Filled jobs: Paid jobs. They are measured using an average weekly calculation for the calendar month.
Gross earnings (cash): Earnings paid on a cash basis. It covers the amount paid in the reference month.It excludes retirement payments, redundancy payments, and employee benefits. The length of an employee’s pay period can cause variability in the number of pay days in the month – for example, a fortnightly pay normally occurs twice a month but, on some occasions, can occur three times in a month. This can cause volatility in the monthly series.
Gross earnings (accrued): Calculated on an accrual basis where earnings are allocated proportionally to the period in which it was earned. The accrual method removes the volatility of monthly data.

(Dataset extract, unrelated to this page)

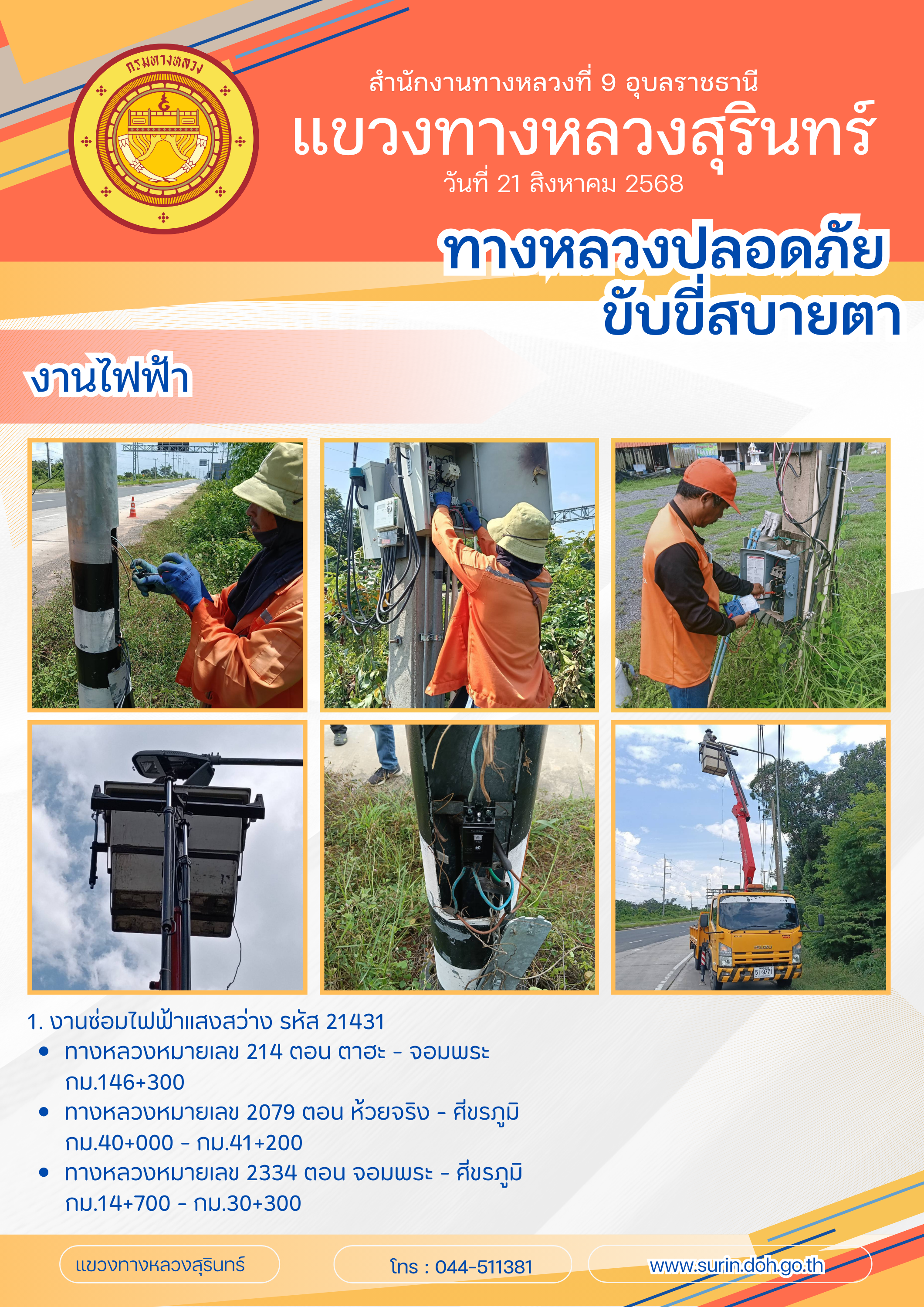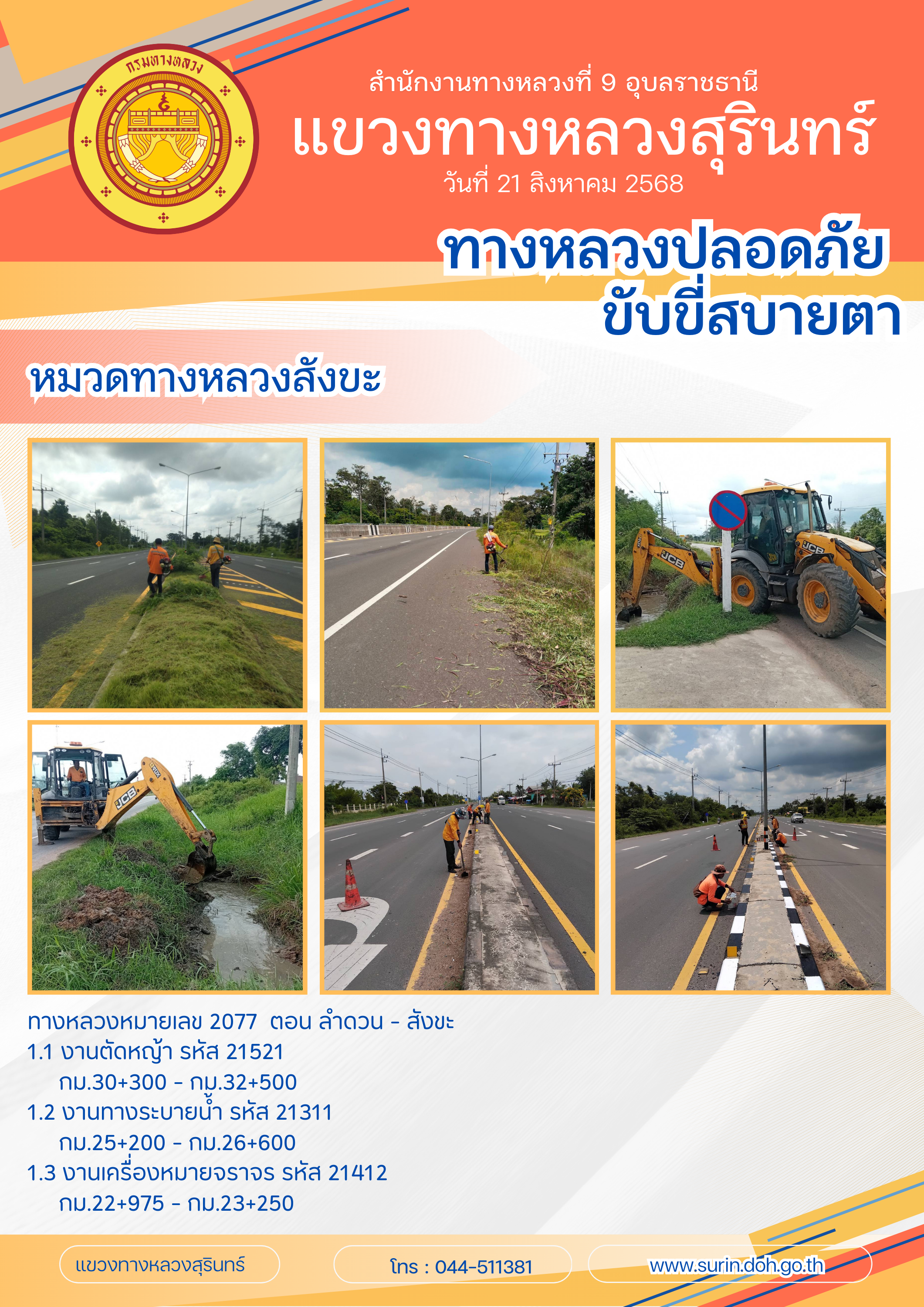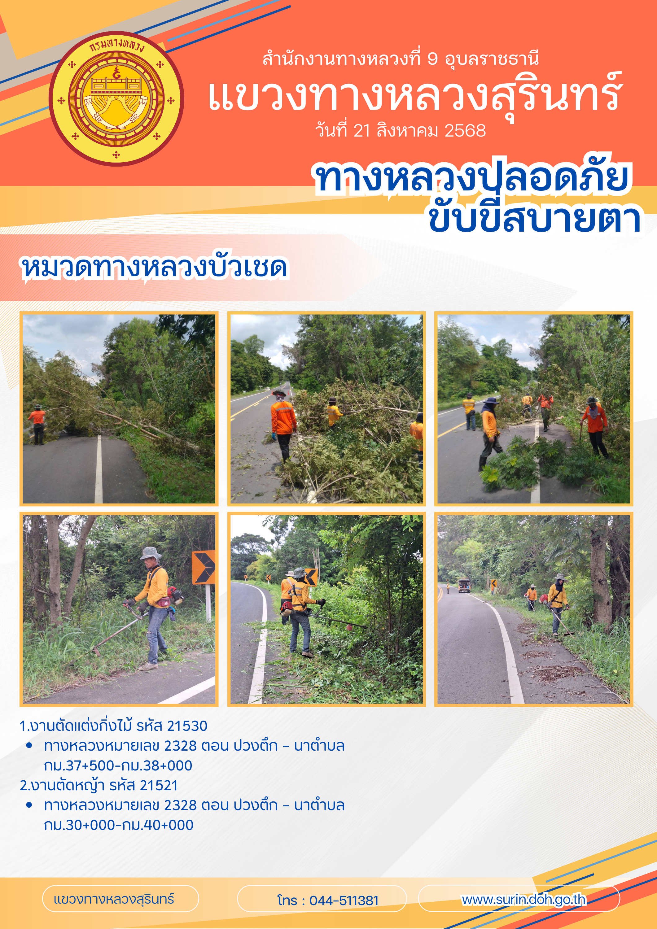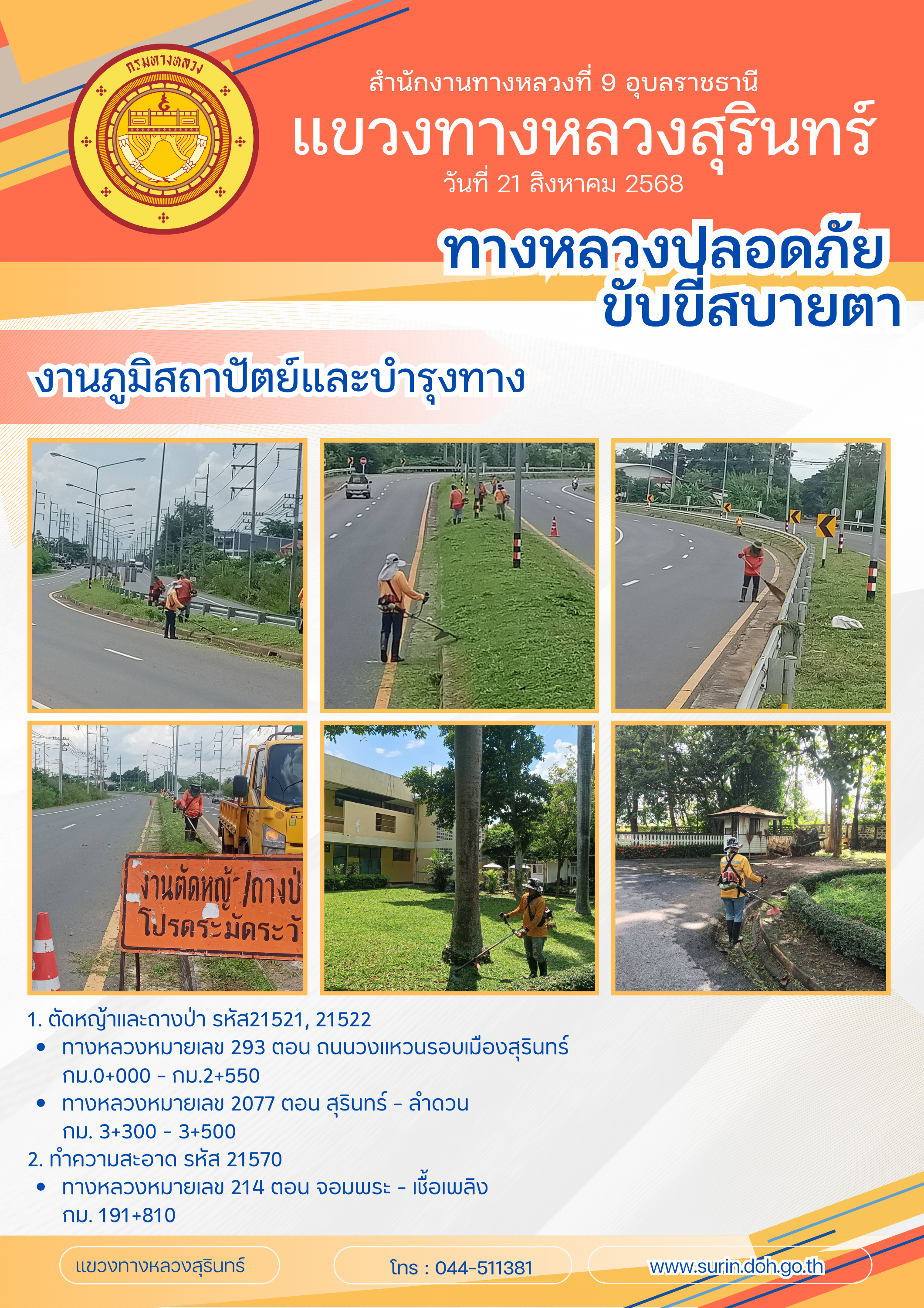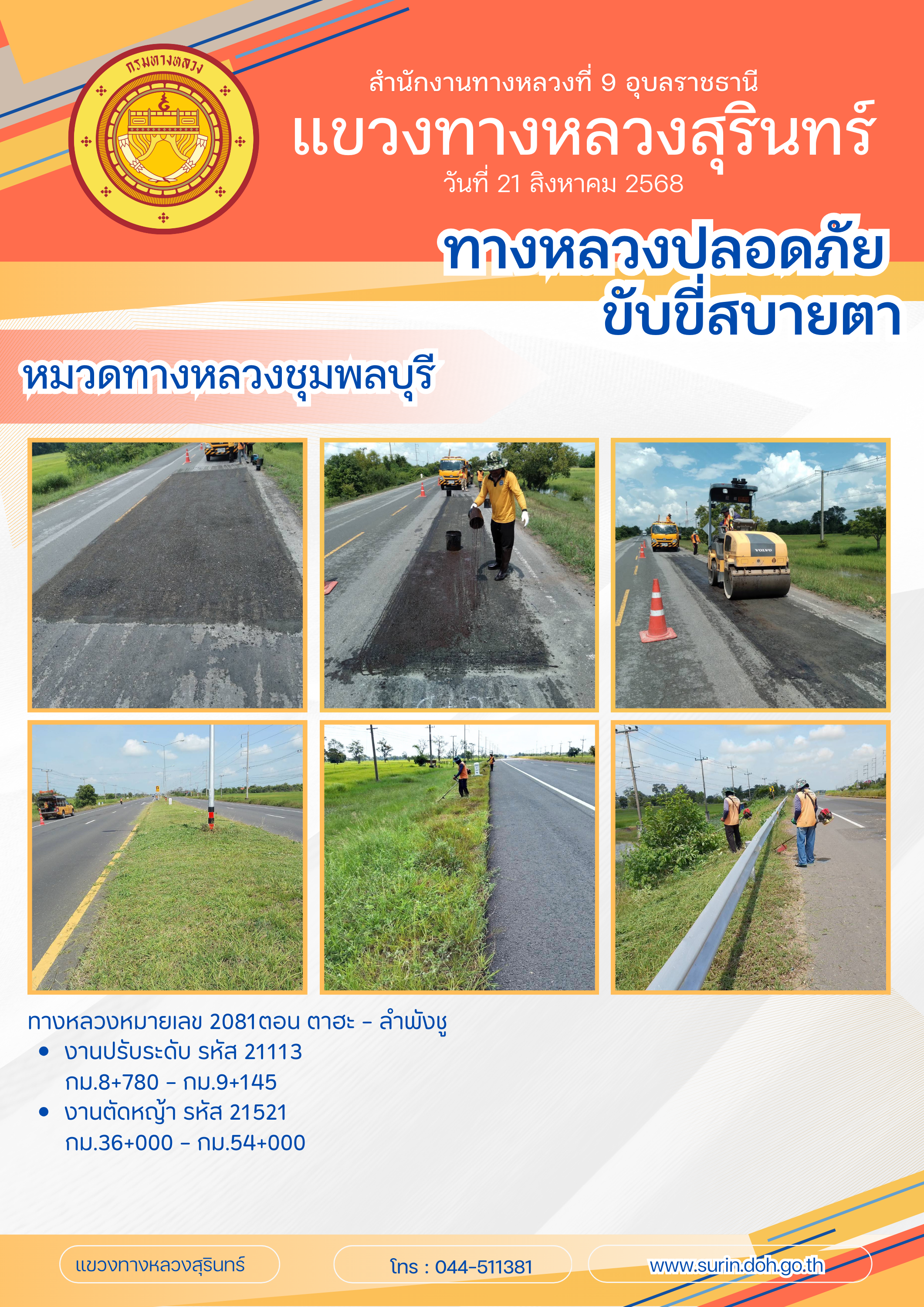 ทางหลวงปลอดภัย ขับขี่สบายตา 21 สิงหาคม 2568

From the dataset Employment Indicators: October 2021, this data was extracted:
Provided: 5,610 data points
Dataset originally released on:
November 29, 2021
About this dataset
The Employment indicator data provides information about filled jobs, gross earnings at industry and region levels by age groups and sex. Use this dataset when wanting to measure the number of filled jobs or total earning from business perspective.
Purpose of collection
The Employment Indicators provide an early indication of changes in the labour market. There is four to five weeks between the end of the reference month and the publication date for the employment indicators.
They provide timely indicators for labour demand and are conceptually closer to LEED and the QES (Quarterly Employment Survey) than to HLFS (Household Labour Force Survey).
Method of collection/Data provider
Two data sources are being used in the production of the monthly filled jobs and gross earnings indicators series:
- From April 1999 to April 2019, Stats NZ used Employer Monthly Schedule (EMS) data. All New Zealand employers are required to report PAYE (pay as you earn) data for their employees to Inland Revenue.
- From May 2019 onwards, Stats NZ used payday filing data. Since 1 April 2019, all New Zealand employers paying more than $50,000 PAYE and Employer Superannuation Contribution tax (ESCT) per year are required to electronically file payroll information, known as payday filing. Larger employers need to file within two working days of each payday, however, smaller employers can choose to file by paper and have slightly longer timeframes.
Payday filing is timelier and has more information about employees’ pay period, making it a more flexible and useful data source than the EMS, and enables the indicators to be produced sooner than using EMS data.